Él sabía que las miradas de los chicos le acechaban, que el menor descuido podía ser su perdición. Este año había dieciocho chicos sentados frente a él. Sentados en los bancos, de dos en dos, mirándole. Él estaba seguro de que la catástrofe tenía que llegar. Debía hacerse el terrible. Sabía que no lo era. Él defendía su pan, luchaba por cada día de moratoria. Su severidad era parte del sistema destinado a retrasar el fin. Tenía que ganar tiempo. Cada día podía traerle la salvación porque, precisamente ese día ganado, él, el maestro Josef Blau, tal vez haciendo acopio de fuerzas, podría conseguir que le fuera atenuada la pena a la que se había hecho acreedor.

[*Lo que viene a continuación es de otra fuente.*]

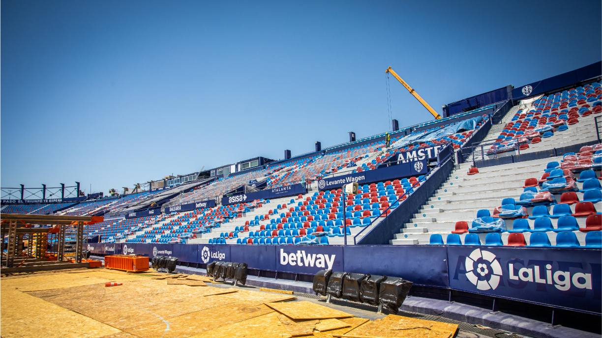 Tras varios años en la élite de forma continuada, el Levante apostó en 2019 por adecuar su estadio a su puesto en LaLiga Santander. Una obra que ha sido planteada en dos fases y que busca mejorar el templo levantinista de cara a la vuelta de sus aficionados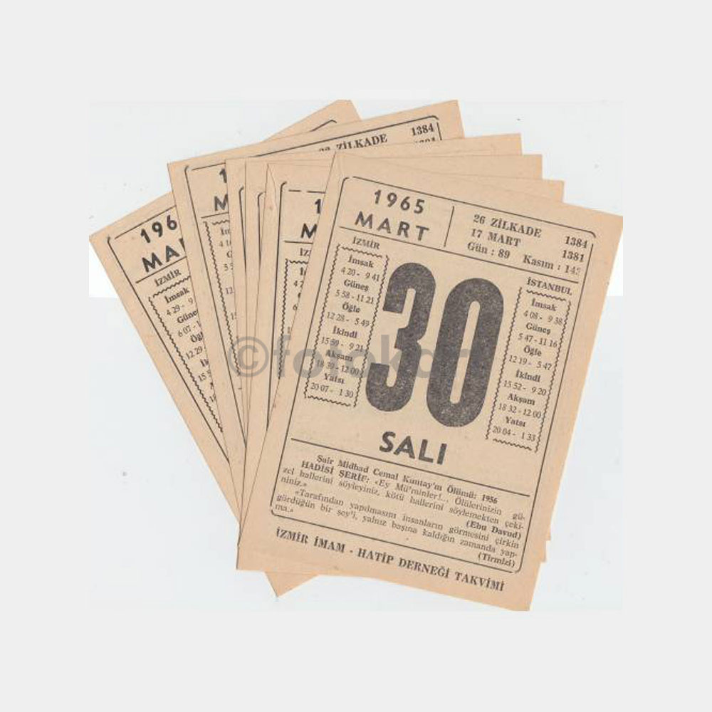 “1965 İzmir İmam Hatip -6 Adet- Takvim Yaprakları” için yorum yapan ilk kişi siz olun

Luchaba por todos los medios para mantener la disciplina. En cuanto se relajara, todo se perdería. A la primera piedra que se desprendiera, caería el edificio entero. Él sabía que quedaría sepultado bajo los escombros. Conocía ejemplos que le habían enseñado que la dulzura y la tolerancia no eran los medios adecuados para mantener a raya a los chicos. Otros profesores habían fracasado por eso. El ser humano, decían, estaba dotado de bondad y comprensión; en tal caso, los chicos de catorce años no eran seres humanos. Su corazón era cruel. Si se derrumbaba la barrera de la disciplina, bien lo sabía él, de nada serviría hacer alusión a la delicada situación del maestro ni pedir consideración. Ellos, desde el momento en que empezaran a perseguirle sus risas burlonas, no le darían cuartel y él tendría que huir, humillado, con la cabeza baja, desposeído de su pan.

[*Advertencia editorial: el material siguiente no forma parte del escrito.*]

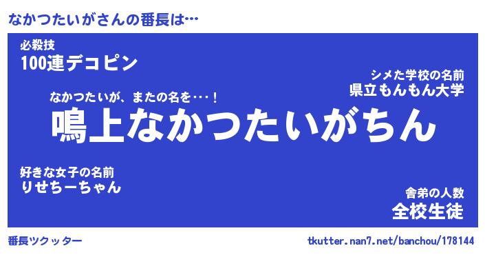 | ヒーロー風カッコイイあだ名 | 『スーパーナカツタイガ』『暗黒騎士ナカ』 |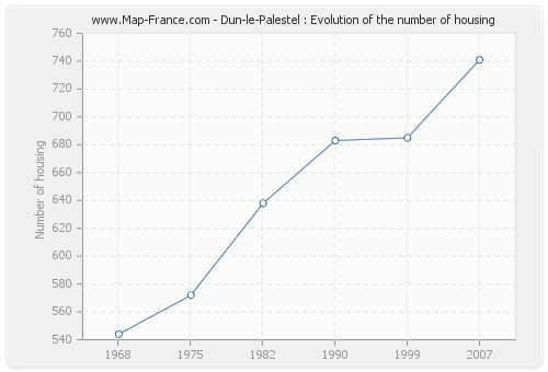 The number of housing of Dun-le-Palestel was 741 in 2007, 685 in 1999, 683 in 1990, 638 in 1982, 572 in 1975 and 544 in 1968.

La escuela se encontraba en un barrio de gente acomodada. Los chicos estaban bien alimentados y bien vestidos. Él era de origen humilde. Comprendía que la riqueza, cuando se disfruta desde la cuna, proporciona al individuo una libertad de acción y una confianza en sí mismo que no se consiguen con estudios, formación ni conocimientos. El sabía que éste era su punto vulnerable y temía que los chicos lo descubrieran.

Le parecía que sus miradas escrutaban sus movimientos y sus ropas.

El estaba frente a la clase sin moverse, con la espalda apoyada en la pared. Los miraba a todos y cada uno. Sabía que no podía dejar que se le escapara ni el menor asomo de sonrisa en aquellas caras vueltas hacia él. Podría ser una sonrisa de superioridad y desencadenar la revuelta. Si la veía a tiempo, podría sofocarla con la mirada. También podría imponer un castigo, con cualquier pretexto. Lo esencial era estar preparado en cada segundo de las horas de clase para impedir que la disciplina se tambaleara por cualquier motivo.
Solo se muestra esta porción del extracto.